Triplane Meets Gaussian Splatting: Fast and Generalizable Single-View 3D Reconstruction with Transformers
Recent advancements in 3D reconstruction from single images have been driven by the evolution of generative models. Prominent among these are methods based on Score Distillation Sampling (SDS) and the adaptation of diffusion models in the 3D domain. Despite their progress, these techniques often face limitations due to slow optimization or rendering processes, leading to extensive training and optimization times.
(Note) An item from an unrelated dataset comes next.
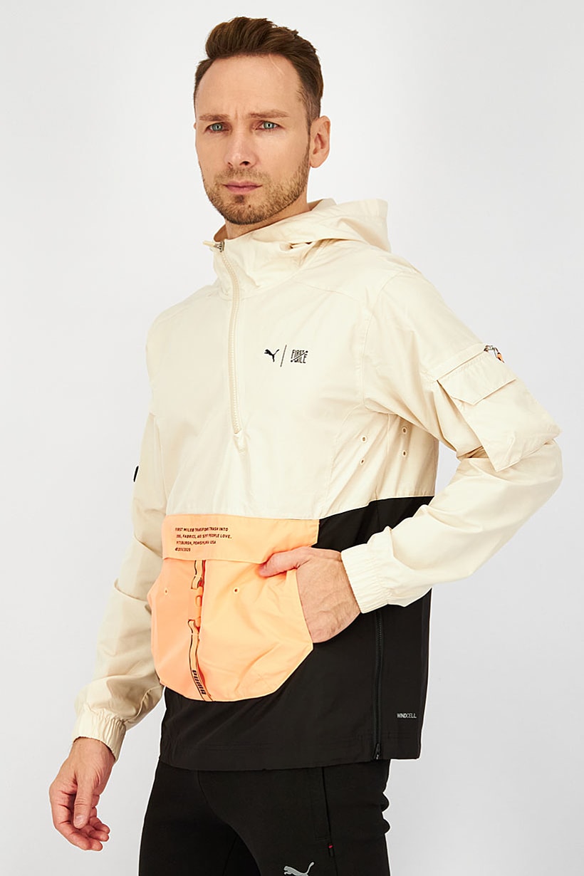 This sportswear jacket features a straight bottom hem and a sportswear fit, making it perfect for training. It is made of 100% polyester fabric that is light in thickness and easy to care for with machine washing. The brand logo is printed on the cream-colored jacket, which is available in international sizes. Ideal for various sports activities, this jacket is a great addition to your sportswear collection.

In this paper, we introduce a novel approach for single-view reconstruction that efficiently generates a 3D model from a single image via feed-forward inference. Our method utilizes two transformer-based networks, namely a point decoder and a triplane decoder, to reconstruct 3D objects using a hybrid Triplane-Gaussian intermediate representation. This hybrid representation strikes a balance, achieving a faster rendering speed compared to implicit representations while simultaneously delivering superior rendering quality than explicit representations. The point decoder is designed for generating point clouds from single images, offering an explicit representation which is then utilized by the triplane decoder to query Gaussian features for each point. This design choice addresses the challenges associated with directly regressing explicit 3D Gaussian attributes characterized by their non-structural nature. Subsequently, the 3D Gaussians are decoded by an MLP to enable rapid rendering through splatting. Both decoders are built upon a scalable, transformer-based architecture and have been efficiently trained on large-scale 3D datasets. The evaluations conducted on both synthetic datasets and real-world images demonstrate that our method not only achieves higher quality but also ensures a faster runtime in comparison to previous state-of-the-art techniques.
近期在从单张图片进行3D重建方面的进展,是由生成模型的发展驱动的。其中突出的方法基于得分蒸馏采样(SDS)和扩散模型在3D领域的适应。尽管这些技术取得了进展,但由于优化或渲染过程缓慢,通常面临着漫长的训练和优化时间的限制。在这篇论文中,我们介绍了一种用于单视图重建的新方法,该方法通过前馈推理有效地从单张图片生成3D模型。我们的方法使用两个基于变换器的网络,即点解码器和三平面解码器,利用混合三平面-高斯中间表示来重建3D对象。这种混合表示实现了平衡,在与隐式表示相比提供更快的渲染速度的同时,也比显式表示提供了更优秀的渲染质量。点解码器旨在从单张图片生成点云,提供了一个显式表示,然后被三平面解码器用来为每个点查询高斯特征。这种设计选择解决了直接回归非结构性质的显式3D高斯属性所带来的挑战。随后,3D高斯由一个多层感知机(MLP)解码,以通过喷溅实现快速渲染。这两个解码器都建立在可扩展的基于变换器的架构之上,并已在大规模3D数据集上进行了高效训练。在合成数据集和真实世界图片上进行的评估表明,我们的方法不仅实现了更高的质量,而且与以前的最新技术相比,确保了更快的运行时间。